Photograph: Helen Davidson for the Guardian
An Australian mine owned by the global trading firm Glencore
mistakenly dumped 63 truckloads of dangerous waste material in the
wrong place, where it combusted and sent sulphur dioxide into the
atmosphere.
The scale of the incident, which occurred at the remote McArthur river zinc-lead mine in Australia’s north,
was kept out of the public eye. The Northern Territory government
ordered an investigation but refuses to release any details, claiming no
report exists because the findings were delivered verbally.
The 63 truckloads of reactive rock – known as potentially
acid-forming (PAF) rock – were never removed. Observers have expressed
concern that even with the remedial work since carried out by the
company, the approaching monsoons could cause another chemical reaction.

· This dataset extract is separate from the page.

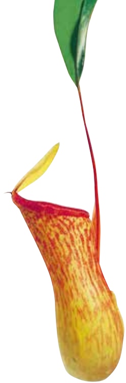
↑ Urne de Nepenthes 'Emmarene'.

transformées, nommées dans le langage botanique « ascidies », forment des pièges d'où les proies n'arrivent plus à s'échapper. En aucun cas les clapets qui se trouvent au sommet de certaines de ces urnes ne se referment sur leurs proies: la capture reste passive. On distingue parfois trois zones: une première zone, destinée à attirer les insectes au moyen de nectar et de couleurs remarquables; une deuxième zone, cirreuse, sur laquelle les insectes glissent; une troisième zone, enfin, dans le fond de l'urne, remplie d'eau ou de suc digestifs dans lesquels les insectes se noient et sont digérés. Pour mémoire, les champignons Holenbuehelia et Resupinatus , quant à eux, utilisent des disques adhésifs, d'autres des nœuds coulants.

The only public admission by the mine operator, McArthur River Mining (MRM), is one paragraph within a draft environmental impact statement running to several thousand pages.
The waste rock, estimated at about 14,000 tonnes, was mistaken for
more benign material, the company admitted, and dumped on the company’s
less secure southern waste facility. It should have gone to the
company’s northern waste dump, which has better containment features.
The company’s impact statement says “the presence of sulphur dioxide
and surface cracking in areas of the [southern waste dump] in 2016 were
detected and an investigation undertaken. It was found that 63
truckloads of PAF ... was incorrectly mined as [moderate risk rock] and
placed on the [southern dump]”.
In a series of contradicting statements and interviews, the NT
Department of Primary Industry and Resources confirmed it had hired an
independent investigator but that the incident prompted no sanctions or
prosecutions because the way MRM’s authorised mine management plan was
written “didn’t exclude them from putting material there”.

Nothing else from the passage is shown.